East of the hill, nestling at the base of a cone-shaped eminence overgrown with trees and topped by a thin Thyrsus-like tower, lies the village of Nevilton.
Were it not for the neighbourhood of the more massive promontory this conical protuberance would itself have stood out as an emphatic landmark; but Leo's Hill detracts from its emphasis, as it detracts from the emphasis of all other deviations from the sea-level, between Yeoborough and the foot of the Quantocks.
It was on the apex of Nevilton Mount that the Holy Rood of Waltham was first found; but with whatever spiritual influence this event may have endowed the gentler summit, it is not to it, but to Leo's Hill, that the lives and destinies of the people of Nevilton have come to gravitate. One might indeed without difficulty conceive of a strange supernatural conflict going on between the consecrated repository of Christian tradition guarding its little flock, and the impious heathen fortress to which day by day that flock is driven, to seek their material sustenance.
Even in Pre-Celtic times those formidably dug trenches and frowning slopes must have looked down on the surrounding valley; and to this day it is the same suggestion of tyrannical military dominance, which, in spite of quarries and cranes and fragrant yellow gorse, gives the place its prevailing character.
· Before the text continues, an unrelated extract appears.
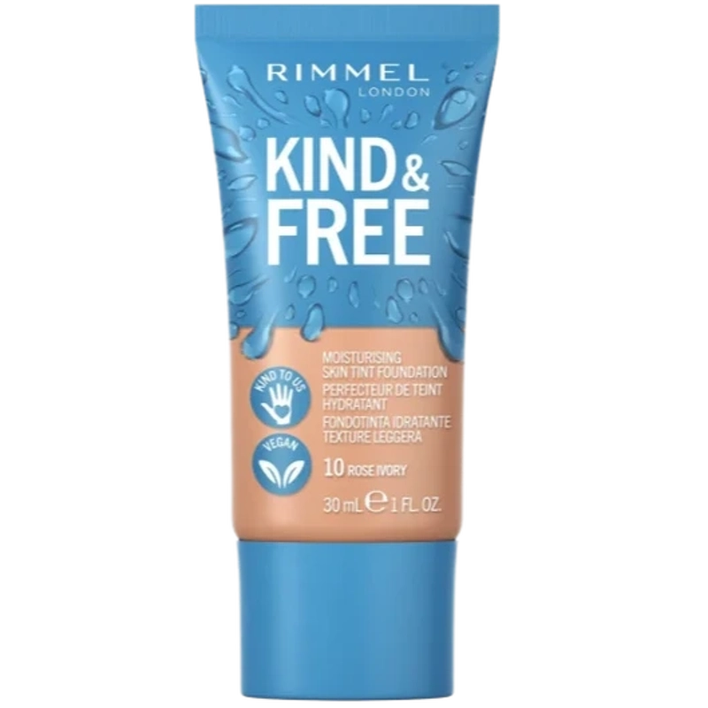 RIMMEL Kind & Free skin Tint - 010 Rose Ivory er Rimmels første rene foundation som er 100% vegansk og cruelty-free. Denne serie er fri for parfume, mineralske olier og animalske ingredienser. RIMMEL Kind & Free Skin Tint er Fremstillet med 77 % ingredienser af naturlig oprindelse.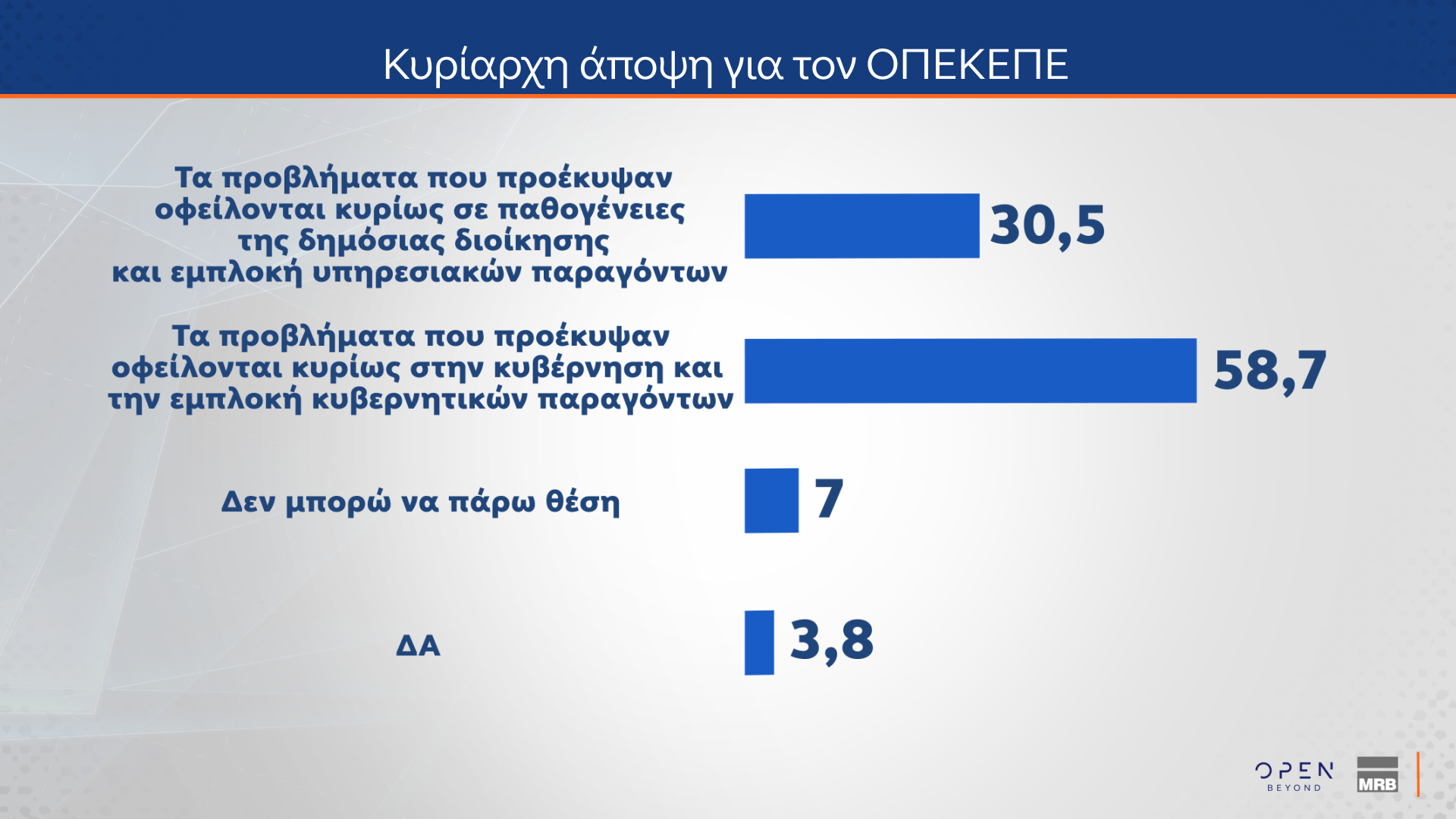 Σε αυτό έρχεται να προστεθεί και η υπόθεση του ΟΠΕΚΕΠΕ, που φαίνεται να προκαλεί σημαντική πολιτική φθορά στη Νέα Δημοκρατία. Συγκεκριμένα, η πλειοψηφία των ερωτηθέντων πιστεύει πως τα προβλήματα με τον ΟΠΕΚΕΠΕ οφείλονται κυρίως στην κυβέρνηση και την εμπλοκή κυβερνητικών παραγόντων ενώ σε ερώτηση για το εάν θα αποδοθεί δικαιοσύνη και θα επιστραφούν τα χρήματα το 77,2% απαντά αρνητικά.

The rounded escarpments have for centuries been covered with pleasant turf and browsed upon by sheep; but patient antiquarian research constantly brings to light its coins, torques, urns, arrow-heads, amulets; and rumour hints that yet more precious things lie concealed under those grassy mounds.
The aboriginal tribes have been succeeded by the Celt; the Celt by the Roman; the Roman by the Saxon; without any change in the place's inherent character, and without any lessening of its tyranny over the surrounding country. For though Leo's Hill dominates no longer by means of its external strength, it dominates, quite as completely, by means of its interior riches.
It is, in fact, a huge rock-island, washed by the leafy waves of the encircling valleys, and containing, as its hid treasure, stone enough to rebuild Babylon.
In that particular corner of the West Country, so distinct and deep-rooted are the legendary survivals, it is hard not to feel as though some vast spiritual conflict were still proceeding between the two opposed Mythologies--the one drawing its strength from the impulse to Power, and the other from the impulse to Sacrifice.
A village-dweller in Nevilton might, if he were philosophically disposed, be just as much a percipient of this cosmic struggle, as if he stood between the Palatine and St. Peter's.